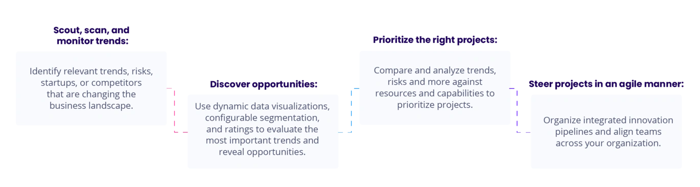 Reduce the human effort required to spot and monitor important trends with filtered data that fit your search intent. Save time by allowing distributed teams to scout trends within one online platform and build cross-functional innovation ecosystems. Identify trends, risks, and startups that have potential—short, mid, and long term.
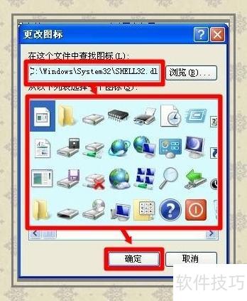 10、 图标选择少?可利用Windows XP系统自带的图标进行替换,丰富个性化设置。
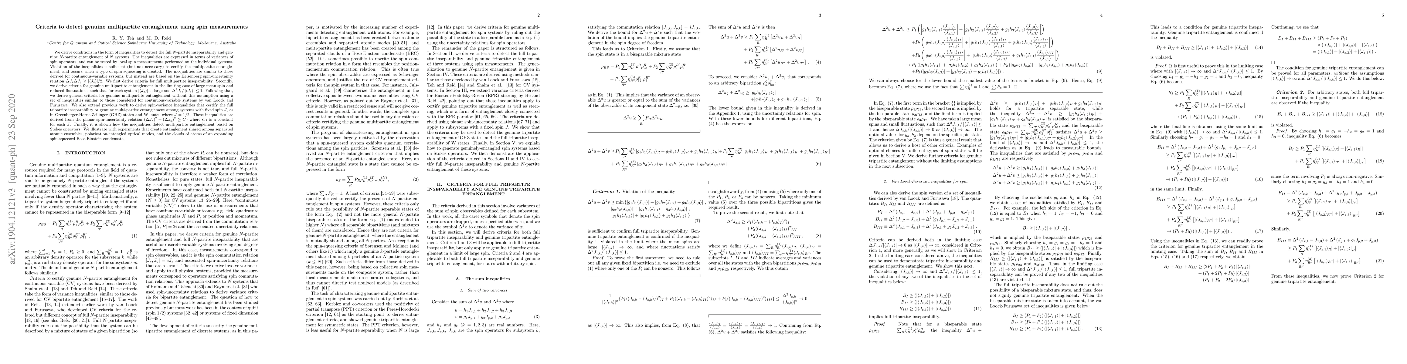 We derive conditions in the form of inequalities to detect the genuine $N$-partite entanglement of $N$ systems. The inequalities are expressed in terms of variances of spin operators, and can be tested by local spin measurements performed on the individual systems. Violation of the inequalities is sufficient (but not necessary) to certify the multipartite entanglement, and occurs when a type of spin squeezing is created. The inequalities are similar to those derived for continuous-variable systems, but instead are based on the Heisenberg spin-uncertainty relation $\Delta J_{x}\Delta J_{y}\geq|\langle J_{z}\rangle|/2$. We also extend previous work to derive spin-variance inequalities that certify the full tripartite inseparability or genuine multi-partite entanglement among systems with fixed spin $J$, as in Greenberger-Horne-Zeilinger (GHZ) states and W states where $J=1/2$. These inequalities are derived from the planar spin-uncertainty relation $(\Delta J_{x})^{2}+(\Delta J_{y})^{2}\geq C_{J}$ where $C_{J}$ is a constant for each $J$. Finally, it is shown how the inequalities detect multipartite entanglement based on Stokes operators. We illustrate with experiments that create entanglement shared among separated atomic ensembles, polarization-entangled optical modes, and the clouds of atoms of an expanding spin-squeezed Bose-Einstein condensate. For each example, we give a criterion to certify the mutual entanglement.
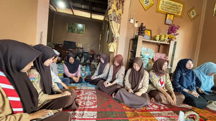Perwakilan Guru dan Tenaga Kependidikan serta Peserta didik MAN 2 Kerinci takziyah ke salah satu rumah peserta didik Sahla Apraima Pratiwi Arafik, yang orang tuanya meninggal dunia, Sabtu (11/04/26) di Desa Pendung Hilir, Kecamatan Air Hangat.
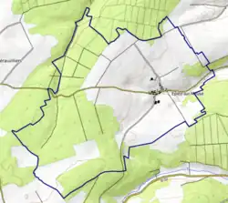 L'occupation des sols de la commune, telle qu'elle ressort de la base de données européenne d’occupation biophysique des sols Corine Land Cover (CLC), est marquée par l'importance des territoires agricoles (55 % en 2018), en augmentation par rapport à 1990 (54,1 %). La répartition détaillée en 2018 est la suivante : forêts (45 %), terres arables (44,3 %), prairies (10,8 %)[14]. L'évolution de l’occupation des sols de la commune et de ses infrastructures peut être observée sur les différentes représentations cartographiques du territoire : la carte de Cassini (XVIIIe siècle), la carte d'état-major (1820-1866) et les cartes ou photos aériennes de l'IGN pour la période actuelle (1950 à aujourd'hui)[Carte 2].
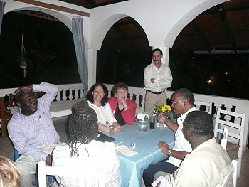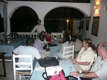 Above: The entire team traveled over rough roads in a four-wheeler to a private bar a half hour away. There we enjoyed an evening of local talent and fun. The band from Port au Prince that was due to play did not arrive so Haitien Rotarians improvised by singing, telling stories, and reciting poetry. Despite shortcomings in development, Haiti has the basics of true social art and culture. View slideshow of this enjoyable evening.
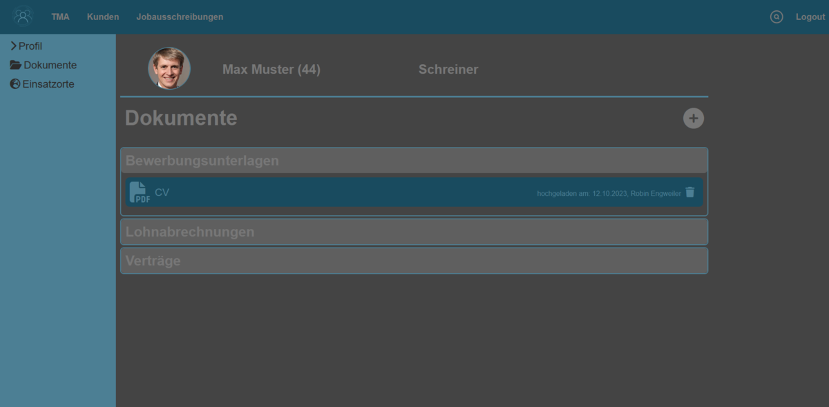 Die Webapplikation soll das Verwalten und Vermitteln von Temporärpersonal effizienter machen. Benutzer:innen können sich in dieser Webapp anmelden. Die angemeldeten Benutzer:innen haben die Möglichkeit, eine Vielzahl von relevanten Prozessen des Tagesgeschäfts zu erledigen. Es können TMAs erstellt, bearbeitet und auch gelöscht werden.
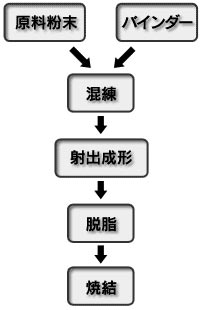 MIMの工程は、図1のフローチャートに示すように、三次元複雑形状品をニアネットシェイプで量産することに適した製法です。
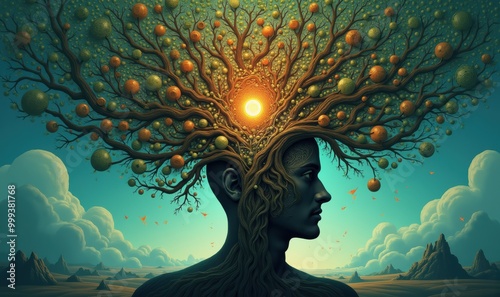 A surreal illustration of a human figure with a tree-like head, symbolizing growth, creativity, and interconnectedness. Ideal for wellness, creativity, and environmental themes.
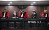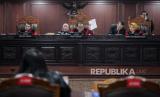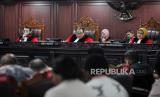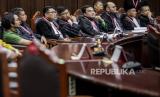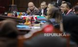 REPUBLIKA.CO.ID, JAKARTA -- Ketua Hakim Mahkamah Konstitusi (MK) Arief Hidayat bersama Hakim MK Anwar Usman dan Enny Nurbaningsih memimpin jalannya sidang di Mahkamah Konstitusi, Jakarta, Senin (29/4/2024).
--
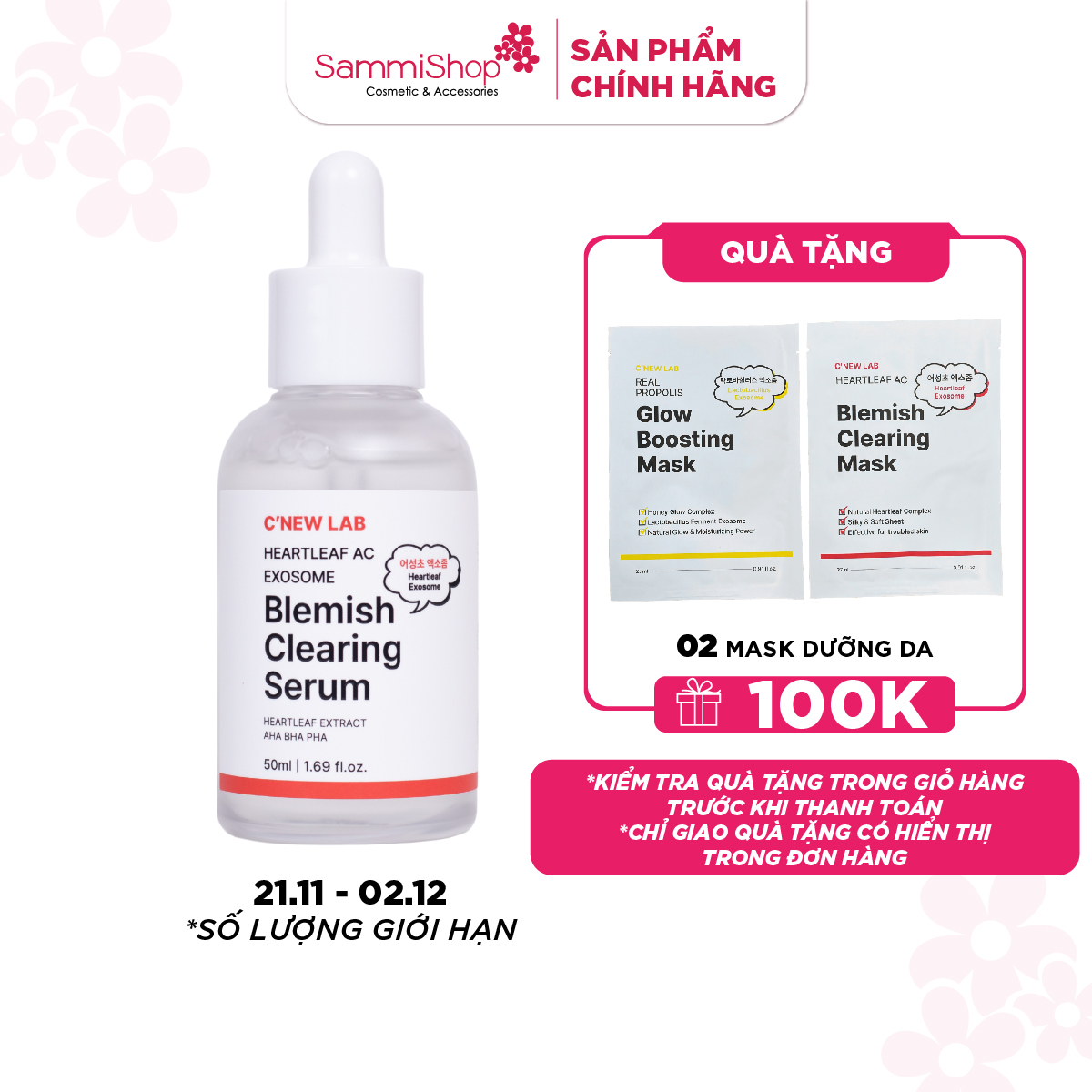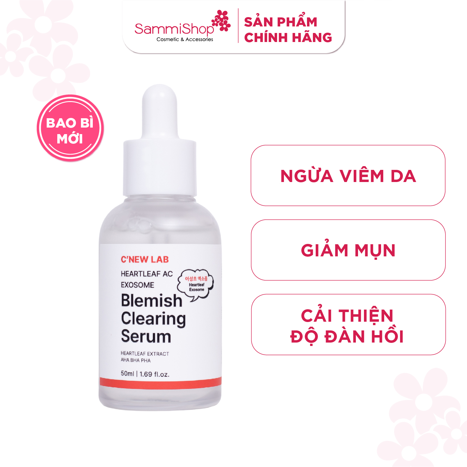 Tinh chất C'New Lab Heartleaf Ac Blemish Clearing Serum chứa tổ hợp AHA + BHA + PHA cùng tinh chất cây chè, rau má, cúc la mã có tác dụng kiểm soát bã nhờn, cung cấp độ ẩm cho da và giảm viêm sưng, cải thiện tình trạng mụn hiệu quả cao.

■ PROBLEM STATEMENT
Extract from the material above the stretch running from the line containing "MIMの工程は、図1のフロー" through the line containing "A surreal illustration". Keep the text exact and the pictures out.

■ SOLUTION TO THIS EXERCISE
 MIMの工程は、図1のフローチャートに示すように、三次元複雑形状品をニアネットシェイプで量産することに適した製法です。
 A surreal illustration of a human figure with a tree-like head, symbolizing growth, creativity, and interconnectedness. Ideal for wellness, creativity, and environmental themes.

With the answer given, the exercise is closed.